World

8 ethnic rebel armies sign cease-fire pact with Myanmar government; major groups stay away

Myanmar President Thein Sein, right, sits along with Mutu Say Po, chairman of Karen National Union (KNU), for a group photo session during the signing ceremony of "Nationwide Ceasefire Agreement" Thursday, Oct. 15, 2015, in Naypyitaw, Myanmar. Myanmar's government and eight smaller ethnic rebel armies signed the cease-fire agreement to end more than six decades of fighting, but other more powerful groups refused to come on board, signaling that peace will remain elusive for some time to come. (AP Photo/Aung Shine Oo)

Myanmar President Thein Sein, right, sits along with Mutu Say Po, chairman of Karen National Union (KNU), for a group photo session during the signing ceremony of "Nationwide Ceasefire Agreement" Thursday, Oct. 15, 2015, in Naypyitaw, Myanmar. Myanmar's government and eight smaller ethnic rebel armies signed the cease-fire agreement to end more than six decades of fighting, but other more powerful groups refused to come on board, signaling that peace will remain elusive for some time to come. (AP Photo/Aung Shine Oo)  (The Associated Press)
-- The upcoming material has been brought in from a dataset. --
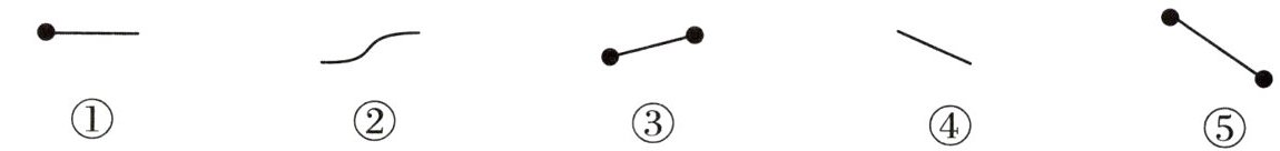 三、下图中,哪些是直线?哪些是线段?哪些是射线?(填序号。)

Myanmar's government has signed a cease-fire agreement with eight ethnic rebel armies but the more powerful groups have refused to come on board.

The agreement was signed Thursday at a ceremony in Myanmar's administrative capital. The refusal of the larger groups to sign it robs President Thein Sein of what he had hoped would be the crowning achievement of his five-year term.

Still, it is seen as a first step toward ending six decades of fighting between the government, dominated by the Burmese majority, and various minority ethnic groups demanding autonomy and control over their natural resources.

Ethnic groups, representing 40 percent of the 53 million population, have found themselves victims of military abuses and discrimination in areas spanning from health and education to road construction and access to electricity.